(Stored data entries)
◇ ◇ ◇ ◇ ◇ ◇ ◇

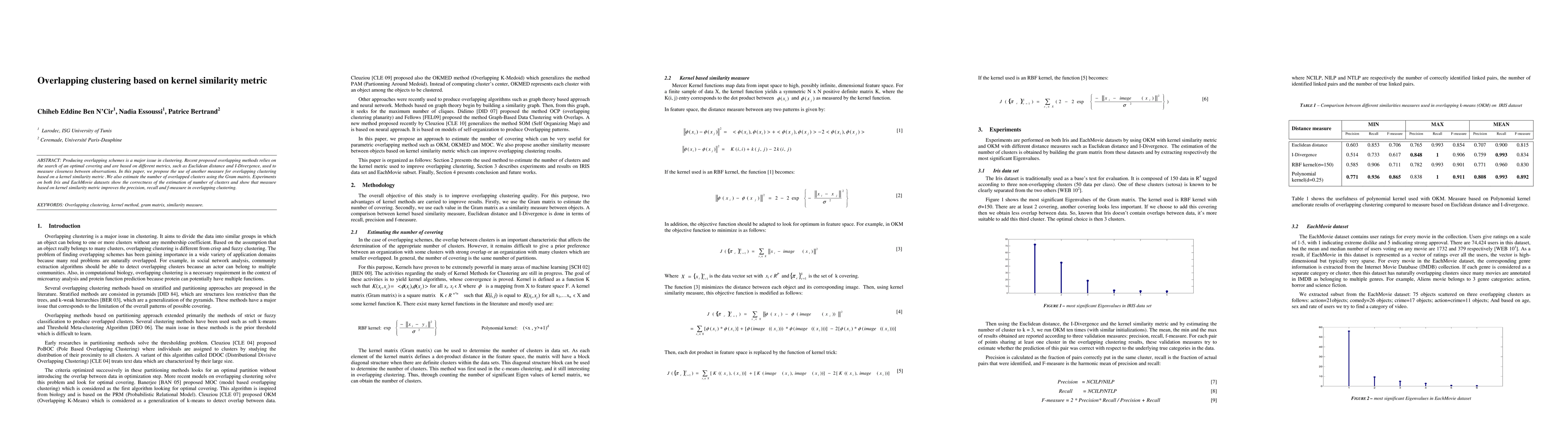 This paper proposes an overlapping clustering method based on a kernel similarity metric, estimating the number of overlapped clusters using the Gram matrix. Experiments on Iris and EachMovie datasets demonstrate improved precision, recall, and f-measure compared to traditional methods.
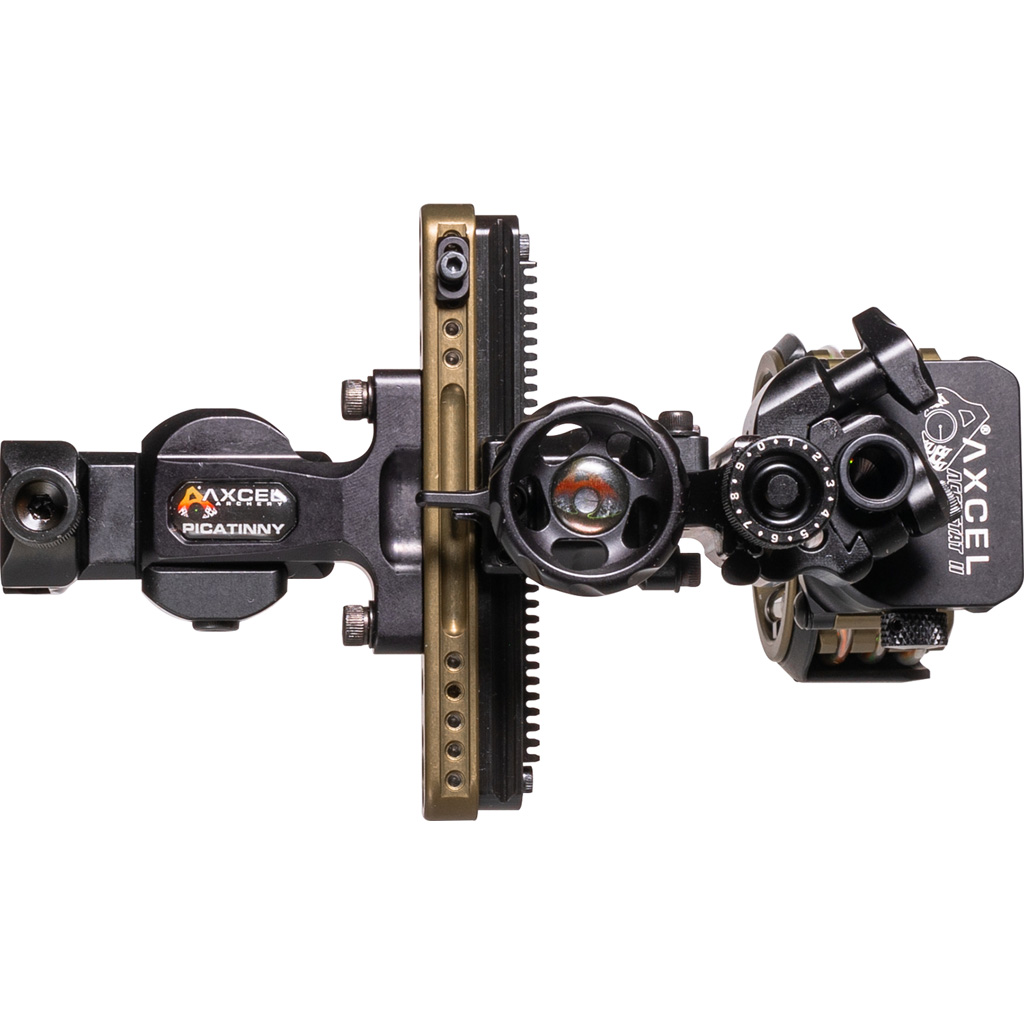 The Axcel LANDSLYDE Picatinny Slider Sight, paired with the AccuStat II Micro Pin, is a state-of-the-art tactical bowhunting sight designed for the archer who demands the best. It features a robust Picatinny mounting system for stability, a rapid adjust knob for swift elevation changes, and smooth gear action for quiet movement. True 1st/2nd/3rd axis adjustments provide unparalleled accuracy. The sight also includes a removable sight block and two adjustable pointers for meticulous aiming. Crafted with 8 double-sided metal scales, the LANDSLYDE offers 16 total configuration choices to cater to various shooting conditions and preferences, all while being durable enough to withstand the rigors of outdoor use.
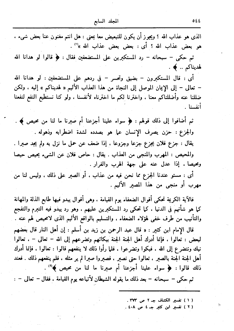 قال الإمام ابن كثير: «قال عبد الرحمن بن زيد بن أسلم: إن أهل النار قال بعضهم لبعض: تعالوا، فإنما أدرك أهل الجنة الجنة ببكائهم وتضرعهم إلى الله- تعالى-، تعالوا نبك ونتضرع إلى الله، فبكوا وتضرعوا، فلما رأوا ذلك لا ينفعهم قالوا: تعالوا، فإنما أدرك أهل الجنة الجنة بالصبر، تعالوا حتى نصبر، فصبروا صبرا لم ير مثله، فلم ينفعهم ذلك. فعند ذلك قالوا: سَواءٌ عَلَيْنا أَجَزِعْنا أَمْ صَبَرْنا ما لَنا مِنْ مَحِيصٍ «2» .
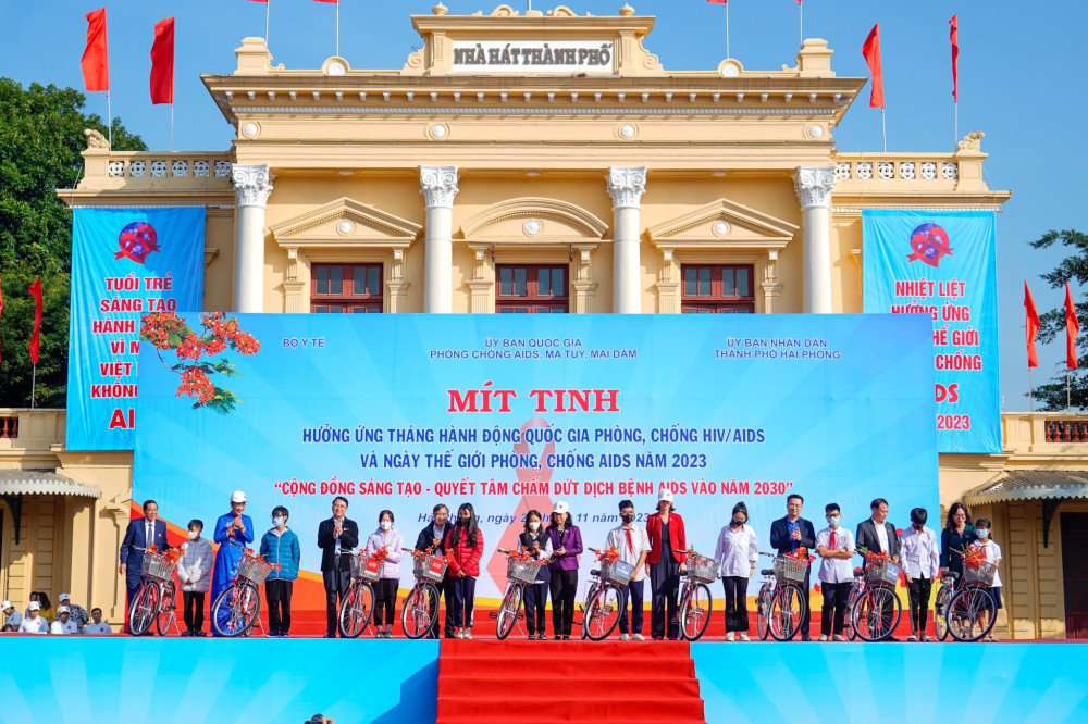 Tại chương trình, các nhà hảo tâm tặng cho trẻ em nhiễm và ảnh hưởng bởi HIV tại thành phố Hải Phòng một số xe đạp và vật dụng khác. Sinh viên Trường Đại học Y Dược Hải Phòng biểu diễn tiết mục nhảy Flashmob trên nền nhạc bài hát “Alo PrEP nghe”. Các lực lượng tuyên truyền diễu hành hưởng ứng Tháng hành động quốc gia phòng, chống HIV/AIDS năm 2023 và ngày thế giới phòng, chống AIDS 1/12.
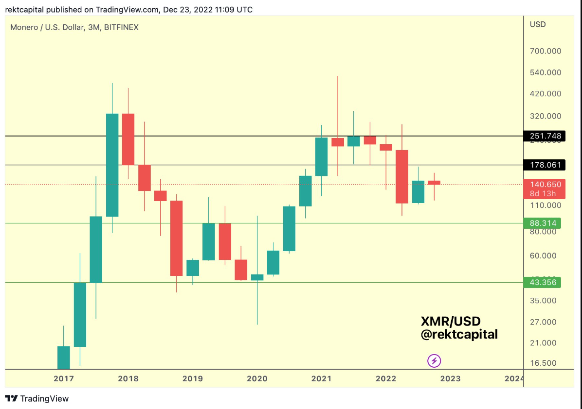 Sau đó Rekt Capital xem xét Monero (XMR), một tiền điện tử ẩn danh giúp các giao dịch không thể bị theo dõi.
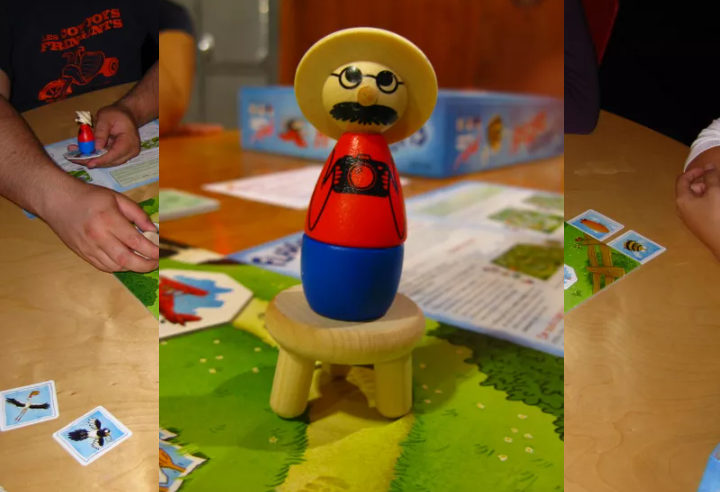 O objetivo é coletar o máximo de cartas com fotos usando a figura do jogo. Os temas dessas cartas também são representados nas peças do tabuleiro, sob as quais podem estar escondidas surpresas desagradáveis. Felizmente, o naturalista tem um banquinho de madeira onde pode colocá-lo no último instante para evitar que ele caia. Quem conseguirá tirar o máximo de fotos de todos os animais e objetos voadores antes que os sapatos de Florian fiquem arruinados?
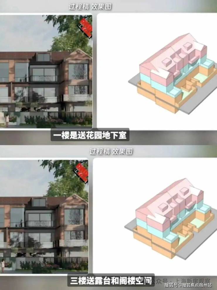 一楼户型附赠花园和超大地下室 ,地下室还配置两个采光内庭院; 二楼户型附赠转角星空露台 ; 三楼附赠露台及其他空间 。计算附赠空间后,主力户型三层的实得率能达到约114-210%。
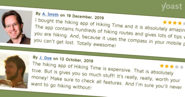 At Yoast, we’ve seen a lot of websites of every caliber. Every website has its own issues, but all websites benefit from optimizing the conversion rate. It really doesn’t matter if your goal is more sales, more Facebook likes or more newsletter subscribers. One thing that helps almost every website is the right use of reviews. A lot of websites do have reviews, but just having them simply isn’t enough.
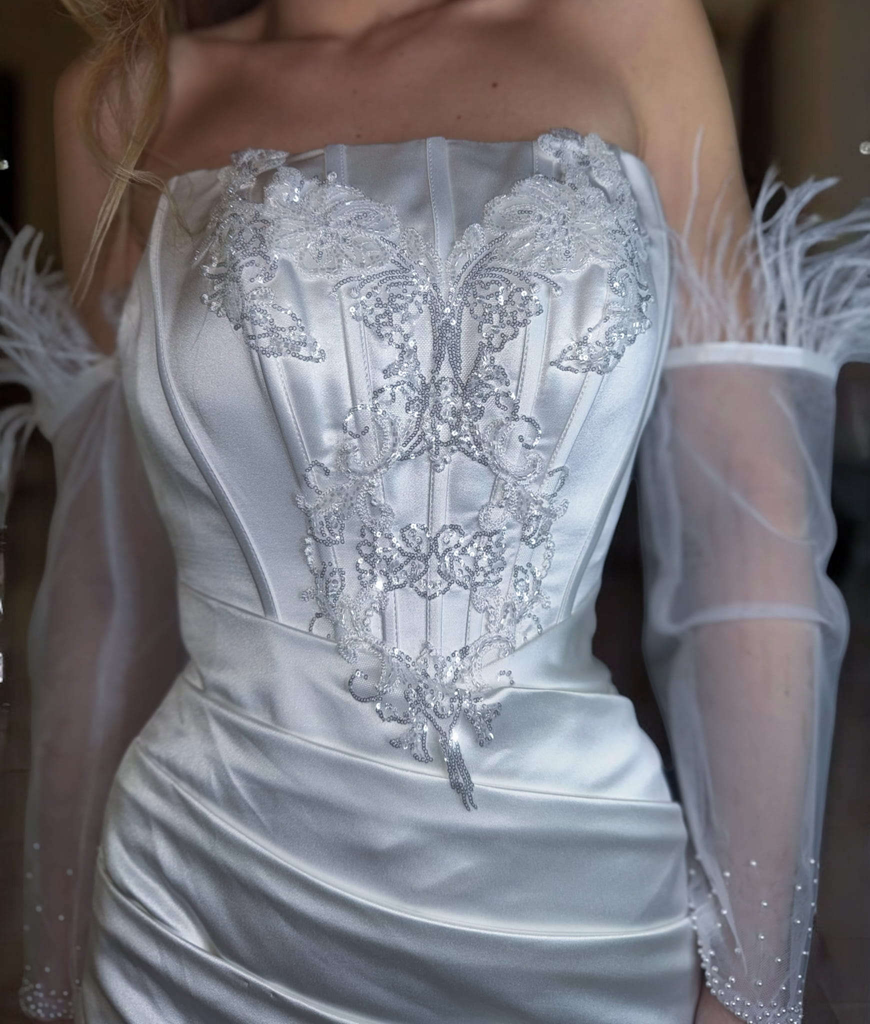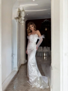 Efektowne rękawki ozdobione piórami na ramionach to luksusowy akcent, który sprawia, że suknia prezentuje się niezwykle wytwornie. Miękka, satynowa tkanina delikatnie opływa sylwetkę, zapewniając komfort i elegancję w najważniejszym dniu.
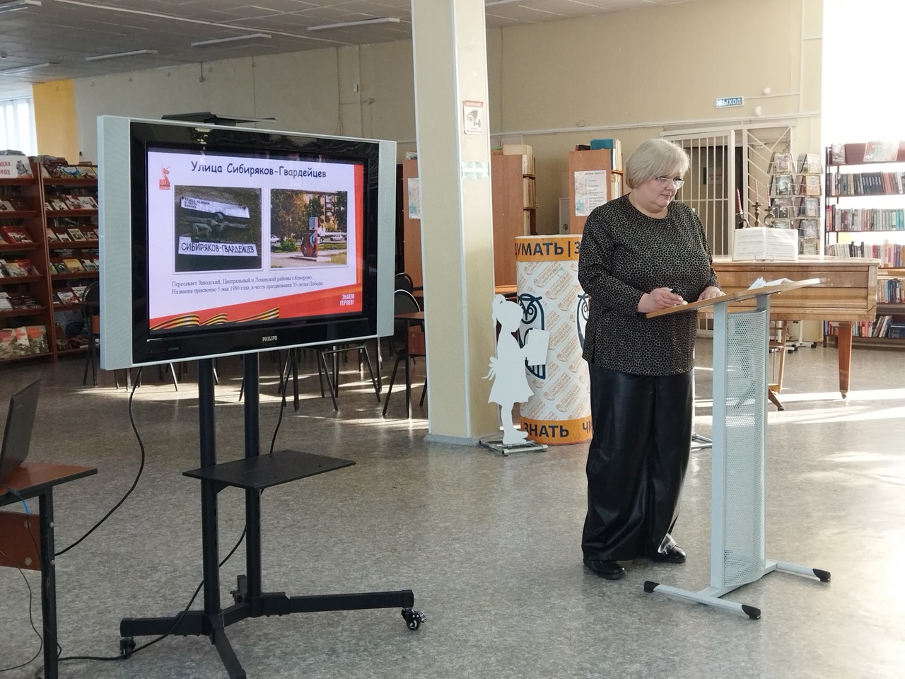 20 февраля в Библиотеке им. Н.В. Гоголя для учащихся школ прошел урок-экскурсия по памятным местам Ленинского района. Ребята виртуально посетили улицы, которые носят имена героев: Степана Харитоновича Марковцева, Климента Ефремовича Ворошилова и улицу Сибиряков-Гвардейцев. Упомянули также улицу Волгоградскую и Ленинградский проспект. При рассказе про «Памятник в честь защитников блокадного Ленинграда» вспомнили о событиях в блокадном городе, узнали о создании «Мемориала Воину-освободителю» и истории «Танка Т-34-76», Мемориальном комплексе «Свет Памяти» и других памятных местах Ленинского района города Кемерово
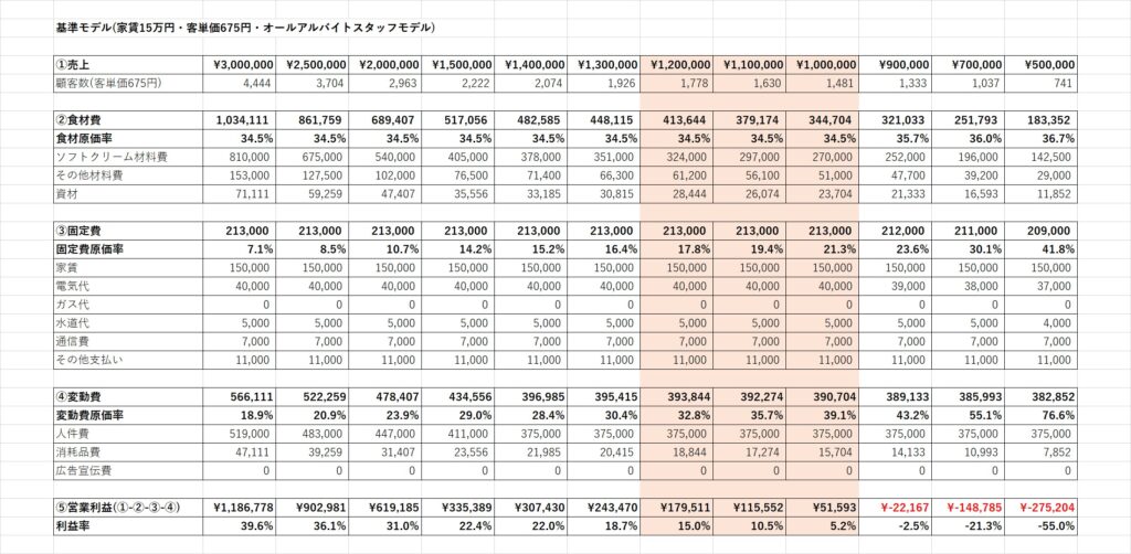 家賃が15万円、運営はアルバイトスタッフだけの場合の損益シュミレーションです。
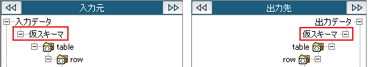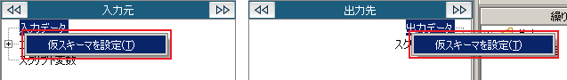 入力元の「入力データ」、または出力先の「出力データ」の右クリックメニュー[仮スキーマの設定]を選択してください。
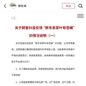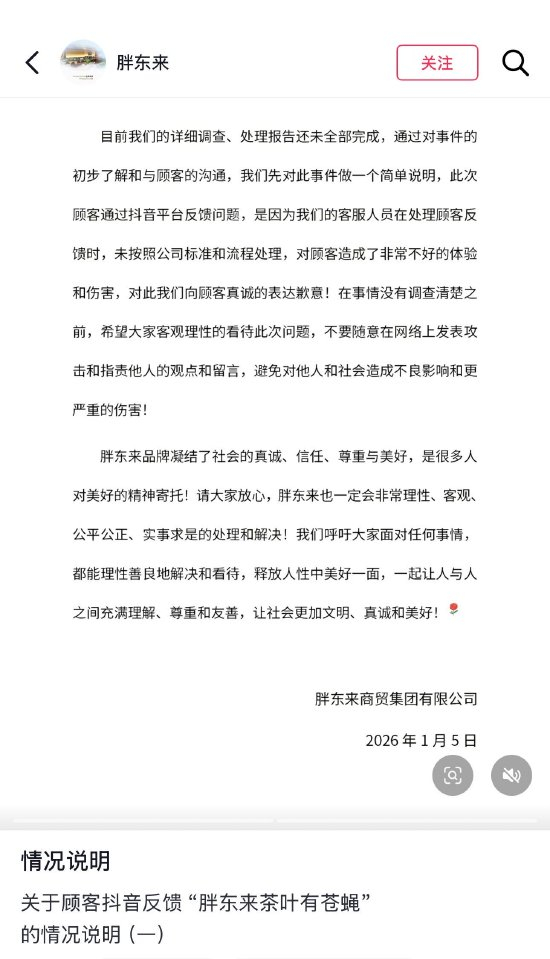 1月5日,胖东来发布《关于顾客抖音反馈“胖东来茶叶有苍蝇”的情况说明(一)》。
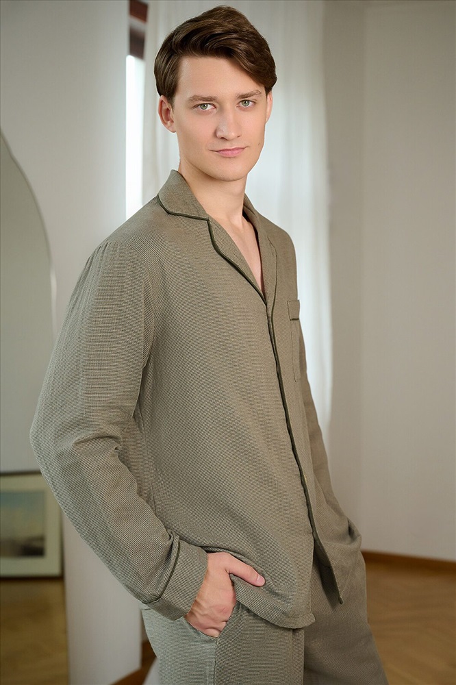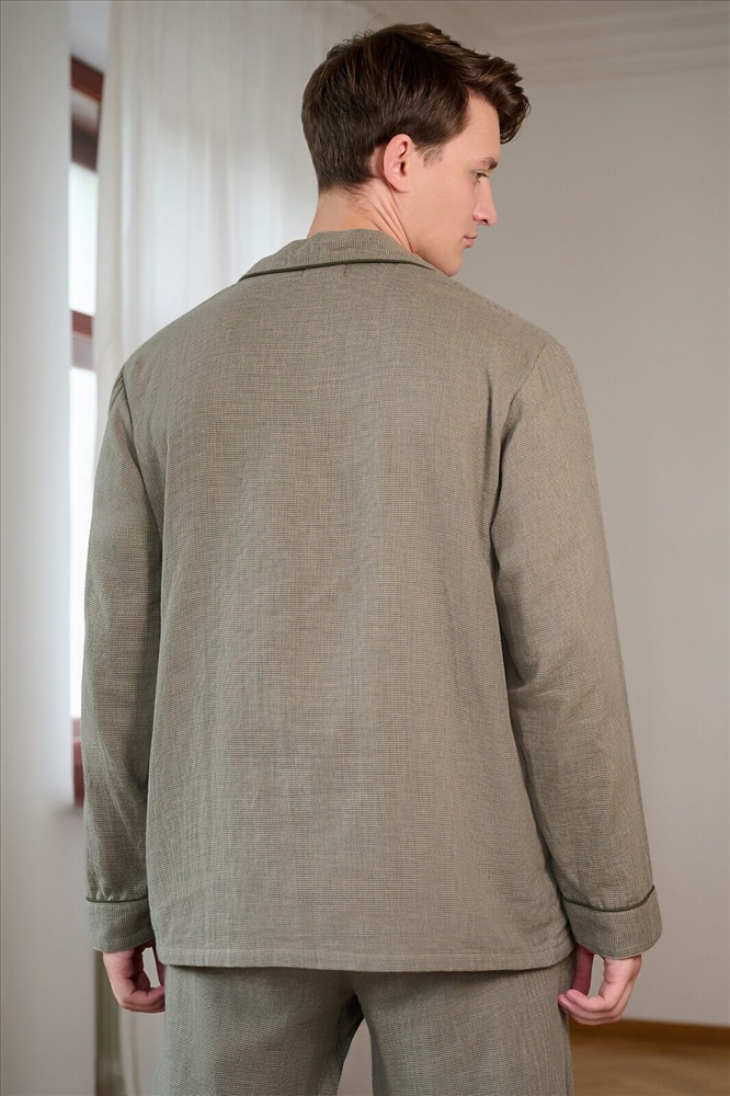 ID товара: 1231597 Состав: 100% Хлопок Сезон: Весна/Лето Рукав: Длинные Страна бренда: Россия Страна производства: Китай Мужская пижама Indefini (Арт. 5013PCC) выполнена из 100% хлопка. В комплект входит рубашка и брюки оливкового цвета с мелким текстурным узором. Рубашка свободного кроя с длинными рукавами, отложным воротником и пуговицами спереди. На груди расположен накладной карман. Брюки прямого кроя на мягкой резинке с шнурком для регулировки посадки, имеют удобные боковые карманы. Пижама идеально подходит для домашнего отдыха и сна, обеспечивая комфорт и приятные тактильные ощущения. Параметры модели на фото: 100-80-106 Рост модели на фото: 188 см Размер изделия на модели: M Комментарии к товару

◇ ◇ ◇ ◇ ◇ ◇ ◇

Task item -> With the pictures left aside, set down each entry above exactly as it stands.

Output ->
 This paper proposes an overlapping clustering method based on a kernel similarity metric, estimating the number of overlapped clusters using the Gram matrix. Experiments on Iris and EachMovie datasets demonstrate improved precision, recall, and f-measure compared to traditional methods.
 The Axcel LANDSLYDE Picatinny Slider Sight, paired with the AccuStat II Micro Pin, is a state-of-the-art tactical bowhunting sight designed for the archer who demands the best. It features a robust Picatinny mounting system for stability, a rapid adjust knob for swift elevation changes, and smooth gear action for quiet movement. True 1st/2nd/3rd axis adjustments provide unparalleled accuracy. The sight also includes a removable sight block and two adjustable pointers for meticulous aiming. Crafted with 8 double-sided metal scales, the LANDSLYDE offers 16 total configuration choices to cater to various shooting conditions and preferences, all while being durable enough to withstand the rigors of outdoor use.
 قال الإمام ابن كثير: «قال عبد الرحمن بن زيد بن أسلم: إن أهل النار قال بعضهم لبعض: تعالوا، فإنما أدرك أهل الجنة الجنة ببكائهم وتضرعهم إلى الله- تعالى-، تعالوا نبك ونتضرع إلى الله، فبكوا وتضرعوا، فلما رأوا ذلك لا ينفعهم قالوا: تعالوا، فإنما أدرك أهل الجنة الجنة بالصبر، تعالوا حتى نصبر، فصبروا صبرا لم ير مثله، فلم ينفعهم ذلك. فعند ذلك قالوا: سَواءٌ عَلَيْنا أَجَزِعْنا أَمْ صَبَرْنا ما لَنا مِنْ مَحِيصٍ «2» .
 Tại chương trình, các nhà hảo tâm tặng cho trẻ em nhiễm và ảnh hưởng bởi HIV tại thành phố Hải Phòng một số xe đạp và vật dụng khác. Sinh viên Trường Đại học Y Dược Hải Phòng biểu diễn tiết mục nhảy Flashmob trên nền nhạc bài hát “Alo PrEP nghe”. Các lực lượng tuyên truyền diễu hành hưởng ứng Tháng hành động quốc gia phòng, chống HIV/AIDS năm 2023 và ngày thế giới phòng, chống AIDS 1/12.
 Sau đó Rekt Capital xem xét Monero (XMR), một tiền điện tử ẩn danh giúp các giao dịch không thể bị theo dõi.
 O objetivo é coletar o máximo de cartas com fotos usando a figura do jogo. Os temas dessas cartas também são representados nas peças do tabuleiro, sob as quais podem estar escondidas surpresas desagradáveis. Felizmente, o naturalista tem um banquinho de madeira onde pode colocá-lo no último instante para evitar que ele caia. Quem conseguirá tirar o máximo de fotos de todos os animais e objetos voadores antes que os sapatos de Florian fiquem arruinados?
 一楼户型附赠花园和超大地下室 ,地下室还配置两个采光内庭院; 二楼户型附赠转角星空露台 ; 三楼附赠露台及其他空间 。计算附赠空间后,主力户型三层的实得率能达到约114-210%。
 At Yoast, we’ve seen a lot of websites of every caliber. Every website has its own issues, but all websites benefit from optimizing the conversion rate. It really doesn’t matter if your goal is more sales, more Facebook likes or more newsletter subscribers. One thing that helps almost every website is the right use of reviews. A lot of websites do have reviews, but just having them simply isn’t enough.
 Efektowne rękawki ozdobione piórami na ramionach to luksusowy akcent, który sprawia, że suknia prezentuje się niezwykle wytwornie. Miękka, satynowa tkanina delikatnie opływa sylwetkę, zapewniając komfort i elegancję w najważniejszym dniu.
 20 февраля в Библиотеке им. Н.В. Гоголя для учащихся школ прошел урок-экскурсия по памятным местам Ленинского района. Ребята виртуально посетили улицы, которые носят имена героев: Степана Харитоновича Марковцева, Климента Ефремовича Ворошилова и улицу Сибиряков-Гвардейцев. Упомянули также улицу Волгоградскую и Ленинградский проспект. При рассказе про «Памятник в честь защитников блокадного Ленинграда» вспомнили о событиях в блокадном городе, узнали о создании «Мемориала Воину-освободителю» и истории «Танка Т-34-76», Мемориальном комплексе «Свет Памяти» и других памятных местах Ленинского района города Кемерово
 家賃が15万円、運営はアルバイトスタッフだけの場合の損益シュミレーションです。
 入力元の「入力データ」、または出力先の「出力データ」の右クリックメニュー[仮スキーマの設定]を選択してください。
 1月5日,胖东来发布《关于顾客抖音反馈“胖东来茶叶有苍蝇”的情况说明(一)》。
 ID товара: 1231597 Состав: 100% Хлопок Сезон: Весна/Лето Рукав: Длинные Страна бренда: Россия Страна производства: Китай Мужская пижама Indefini (Арт. 5013PCC) выполнена из 100% хлопка. В комплект входит рубашка и брюки оливкового цвета с мелким текстурным узором. Рубашка свободного кроя с длинными рукавами, отложным воротником и пуговицами спереди. На груди расположен накладной карман. Брюки прямого кроя на мягкой резинке с шнурком для регулировки посадки, имеют удобные боковые карманы. Пижама идеально подходит для домашнего отдыха и сна, обеспечивая комфорт и приятные тактильные ощущения. Параметры модели на фото: 100-80-106 Рост модели на фото: 188 см Размер изделия на модели: M Комментарии к товару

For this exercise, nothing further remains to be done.